My logstash config file is working now, I'm parsing the input log file and extracting the right data, all good here. The event looks good in the RUBYDEBUG from logstash. The issue I'm having is that I started redirecting my extracted events to Elasticsearch and now event structure that I get into ES is different than what I defined it using _Mappings definition. Somehow logstash is overriding the document properties.

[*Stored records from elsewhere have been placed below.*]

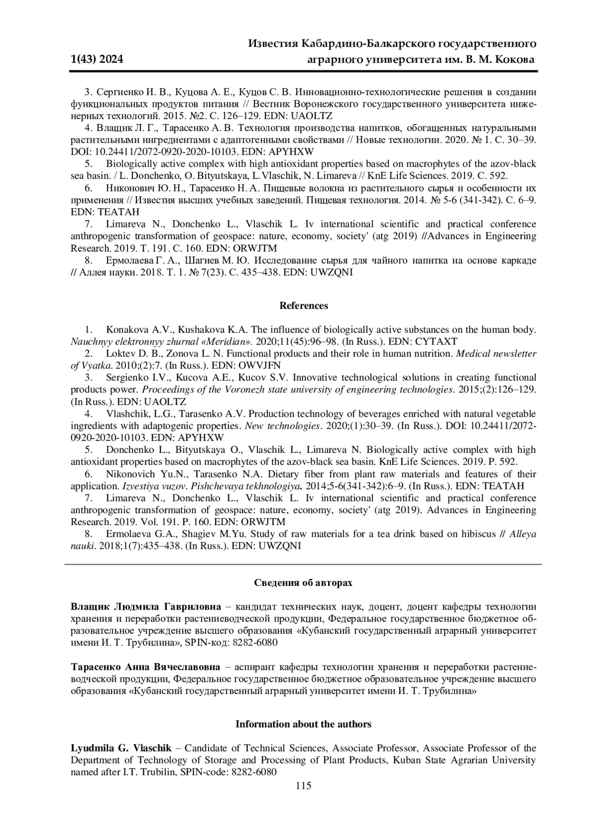 ВЛАЩИК Л. Г., ТАРАСЕНКО А. В. ИССЛЕДОВАНИЕ ПРОДУКТОВ ПЕРЕРАБОТКИ ВИНОГРАДА И ГИБИСКУСА КАК ПЕРСПЕКТИВНОГО СЫРЬЯ ДЛЯ ПРОИЗВОДСТВА ЭКСТРАКТОВ С ПОВЫШЕННЫМИ АНТИОКСИДАНТНЫМИ СВОЙСТВАМИ // ИЗВЕСТИЯ КАБАРДИНО-БАЛКАРСКОГО ГОСУДАРСТВЕННОГО АГРАРНОГО УНИВЕРСИТЕТА ИМ. В. М. КОКОВА. 2024. № 1 (43)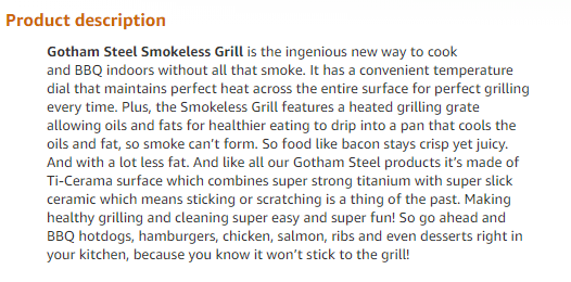 Here’s the product description for the same grill used in the example above: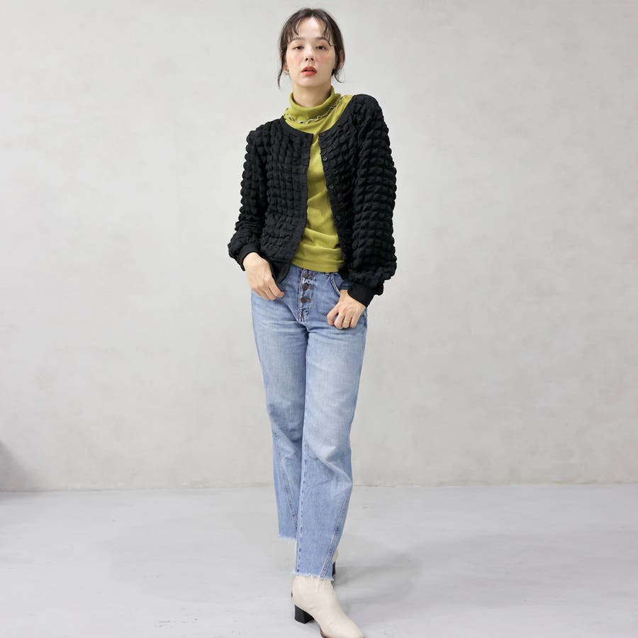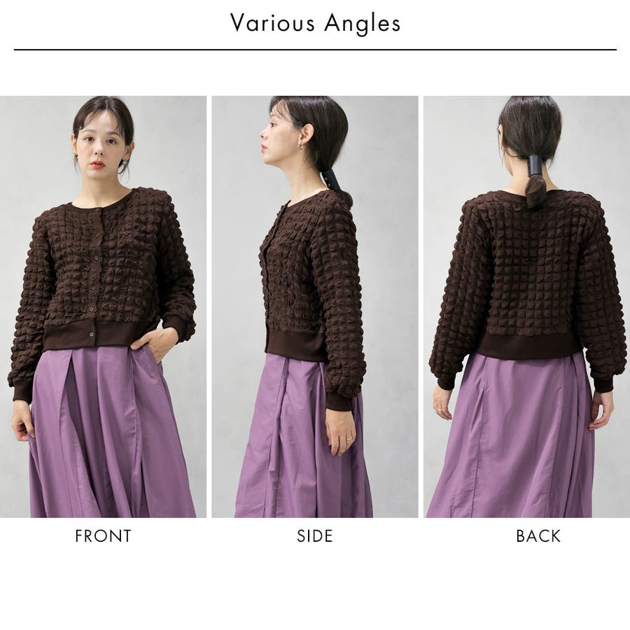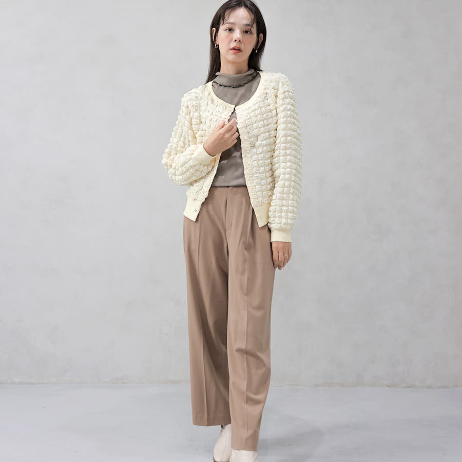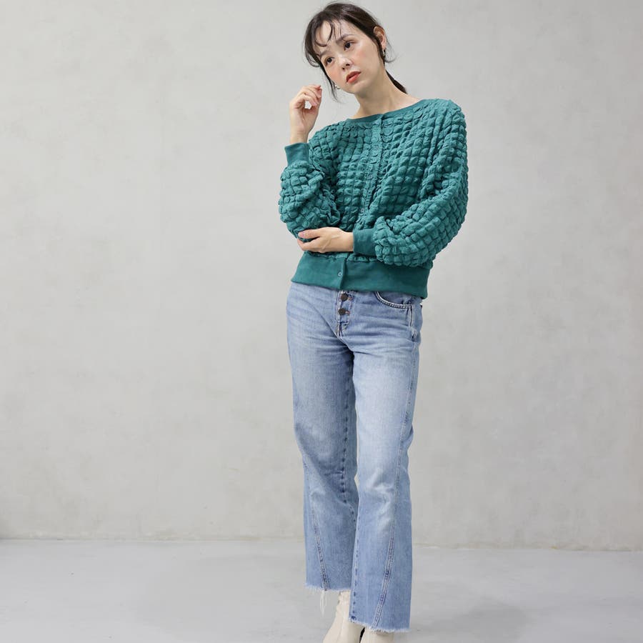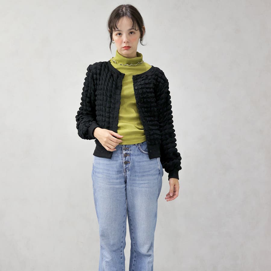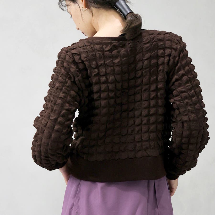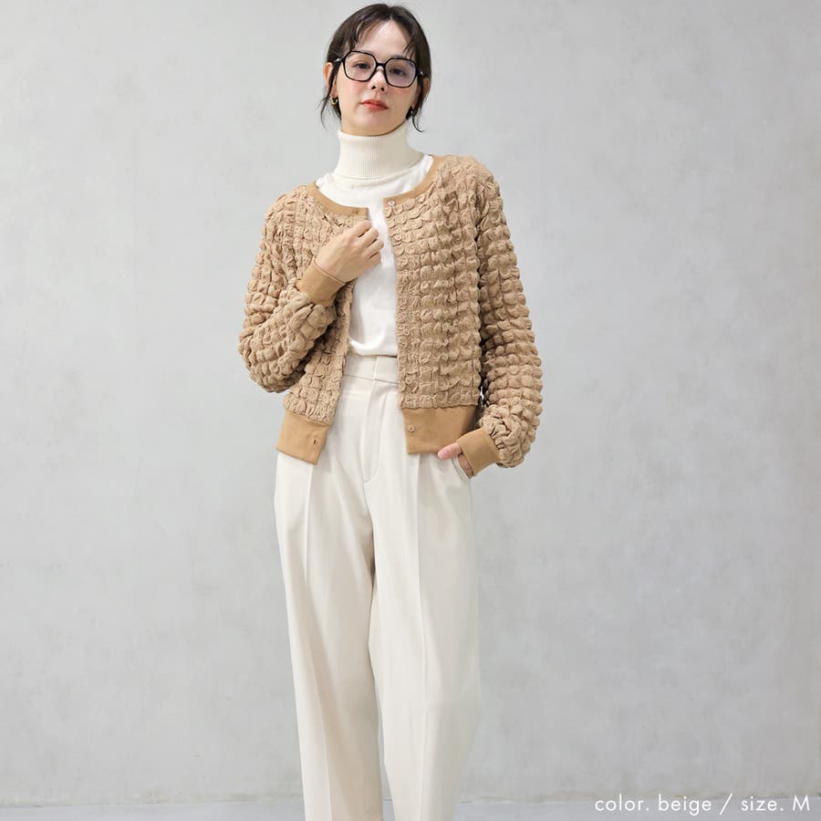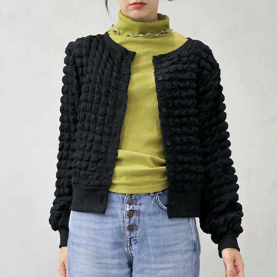 ポップコーンのようなポコポコとした素材が可愛いカーディガンです。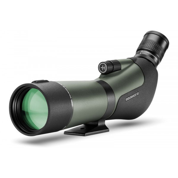 Окулярний вузол Hawke Endurance ED розташований під кутом 45º по відношенню до поздовжньої осі труби – це дуже зручно для спостережень у положенні лежачи та з настільних штативів. Корпус повертається навколо осі, встановлюється під будь-яким кутом і фіксується в кільці з розніманням для кріплення штатива. З цікавих рішень можна відзначити чіткі фіксовані положення труби при повороті навколо осі в точках 0, 45 і 90. Висувна сонцезахисна бленда захищає об'єктив від сонячних відблисків і від опадів. На захисній бленді знаходиться спеціальний цілік для попереднього наведення труби на ціль. Монтажна база труби адаптована під стандартне кріплення фотоштативу, тому пошук необхідної опори для спостереження - не проблема.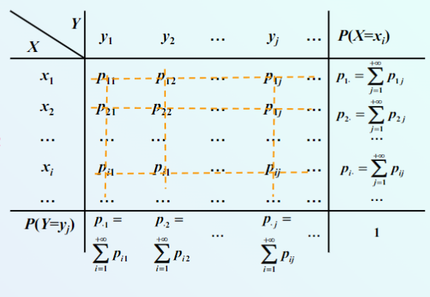 $$F_{X}\left( x \right) = F \left(x, +\infty \right) = \lim_{ y \to +\infty}{F \left( x, y \right) }$$ $$F_{Y}\left( y \right) = F \left(+\infty , y\right) = \lim_{ x \to +\infty}{F \left( x, y \right) }$$ $$P\left\lbrace X = x_{i} \right \rbrace = \sum\limits_{i=1}^{\infty}{p_{ij}} \overset{\triangle}{=} p_{i\cdot}$$ $$P\left\lbrace Y = y_{i} \right \rbrace = \sum\limits_{i=1}^{\infty}{p_{ij}} \overset{\triangle}{=} p_{\cdot j}$$

Here is what it looks like in logstash console (all good):
{
"message" => "[7/30/15 18:50:59:616 GMT] 00000688 CurrencyExcha I Currency Exchange Rate File Retreival at 2015/07/30 18:50:59 success",
"@version" => "1",
"@timestamp" => "2015-08-06T16:13:38.100Z",
"host" => "IBM-EN189AKEUJ4",
"path" => "C:/logstash-1.5.3/inputs/SystemOut1.log",
"type" => "sysout",
"tslice" => "7/30/15 18:50:59:616",
"status" => "success"
}
When it gets to ES it looks terrible - Logstash stuffs everything into the [_source]{message} array, seemingly ignoring the Mapping definition in ES for index 'sprint'... The doc looks like this in ES:
curl -XGET 'localhost:9200/sprint/sysout/AU8DyhBIErJTJM_bP4rF?pretty'
% Total % Received % Xferd Average Speed Time Time Time Current
Dload Upload Total Spent Left Speed
100 471 100 471 0 0 31400 0 --:--:-- --:--:-- --:--:-- 31400{
"_index" : "sprint",
"_type" : "sysout",
"_id" : "AU8DyhBIErJTJM_bP4rF",
"_version" : 1,
"found" : true,
"_source":{"message":"[7/30/15 18:50:59:616 GMT] 00000688 CurrencyExcha I Currency Exchange Rate File Retreival at 2015/07/30 18:50:59 success","@version":"1","@timestamp":"2015-08-06T16:13:38.100Z","host":"IBM-EN189AKEUJ4","path":"C:/logstash-1.5.3/inputs/SystemOut1.log","type":"sysout","tslice":"7/30/15 18:50:59:616","status":"success"}
}
Here is my _Mapping that I've created for 'sprint' index are as follows:
curl -XGET "localhost:9200/sprint/_mappings?pretty"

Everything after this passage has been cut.